Nous vous conseillons de regarder le documentaire de Josh Fox "Gasland" sur http://lorgues-veillecitoyenne.over-blog.com/ext/http://www.agoravox.tv/actualites/environnement/article/gasland-fracturation-hydraulique-28931
Ce document fait actuellement beaucoup de bruit aux Etats Unis.
En France, les exploitants s'efforcent d'être rassurants. Total affirme
être pour l'instant dans une phase d'analyse de données par ses géologues. Si les résultats de la phase de cinq ans (plutôt 1 ou 2 ans) sont positifs, il faut, généralement, quatre ans
de plus pour mettre en place l'extraction d'hydrocarbures. Cette déclaration est tempérée par le fait que pour le gaz de schiste, le forage des puits peut être très rapide et extensif.
Rassurant, le groupe Total se propose d'engager un "dialogue important avec les populations riveraines". Question : pourquoi n'engage-t-il pas ce
dialogue avant de faire des recherches longues et très coûteuses ? Probablement parce que ce dialogue ne sera qu'une farce, un alibi , une bonne conscience qui n'entravera en rien l'exploitation
du gaz de schiste.
Mais Total, peu sûr de lui, a tout prévu : en cas de nuisances (preuve que cet exploitant reconnait qu'il puisse y en avoir), la notice d'impact
donne aux habitants "la possibilité d'introduire un dossier auprès du Mécénat Total pour des actions patrimoniales ou culturelles". L'honneur est sauf !
La position de la ministre de l'environnement actuelle Nathalie
Kosciusko-Morizet est pour le moins ambigüe. Citons là : "Un moratoire n'est pas possible, le code minier ne le permet pas, mais vous pouvez compter sur ma vigilance pour que nous ne
voyions pas en France le type de paysage désolé auquel une exploitation sans retenue et sans contrainte environnementale a conduit les Etats Unis". Il semblerait
que la ministre compte bien que, d'ici là, pour la prospection en France, une autre technique d'exploitation voit le jour. On peut rêver.
De toute façon, il n'est pas sûr du tout que la rentabilité de l'exploitation du gaz de schiste en France
soit à la hauteur de celle constatée aux Etats Unis. Nous passerons sur un aspect beaucoup plus vénal du problème, c'est le partage du gâteau entre les compagnies françaises et américaines.
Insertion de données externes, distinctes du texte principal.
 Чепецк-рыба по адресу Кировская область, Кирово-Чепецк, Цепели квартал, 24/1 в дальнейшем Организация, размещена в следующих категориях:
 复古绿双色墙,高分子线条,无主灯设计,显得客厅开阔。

Les
montages financiers sont complexes, mais n'oublions pas que la seule technique connue à ce jour est détenue par les compagnies américaines, donc incontournable.
Au niveau du département du Gard, il serait souhaitable, que, sur un sujet aussi important, on assiste à une mobilisation du Conseil Général (le
conseil général de l'Hérault s'est prononcé contre ce type d'exploitation) et surtout que les candidats aux cantonales du canton de Barjac s'expriment sur le sujet, fassent
front commun contre ce qui se met en place et provoquent le débat en dehors de toute polémique.
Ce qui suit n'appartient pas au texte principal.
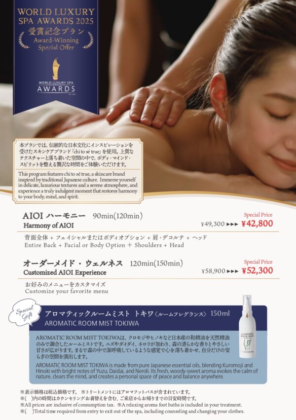 この機会に、心と身体を深くととのえる、唯一無二のトリートメントをぜひお楽しみください。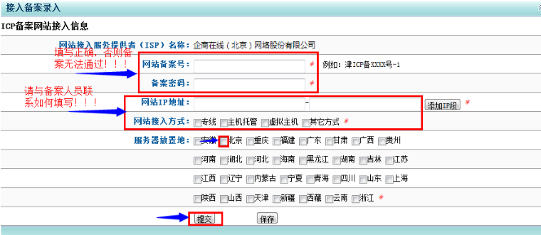 第四步:網(wǎng)上提交備案信息

N'oublions pas que, en plus de la basse Ardèche citée précédemment, la plaine d'Alès est concernée pour un territoire de 503 km2
couvrant 40 communes dont Allègre les Fumades, Bessèges, Courry, Le Martinet, Les Mages, Potelières, Saint Ambroix, Saint Victor de Malcap, etc ... .
Nous sommes tous concernés. Des débats, de l'information, des prises de position claires et la prise en compte de l'avis des populations
concernées doivent intervenir avant toutes les études qui pourraient être faites par les exploitants dans le sous sol de notre région. Mesdames et messieurs les élus actuels et futurs, nous
comptons sur vous. Il en est de votre responsabilité. C'est votre crédibilité qui est en question. Mais, c'est aussi et surtout l'avenir de notre Région.
John Doe
(1) Kérogène : forme sous laquelle se présente la majeure partie de la
matière organique fossilisée dans les roches.
(2) Aquifère : formation géologique perméable où s'écoule une nappe d'eau
souterraine.
(3) Karstique : relief particulier aux régions calcaires et résultant de
l'action , en grande partie souterraine, d'eaux qui dissolvent le carbonate de calcium (formation de grottes, avens, etc ..).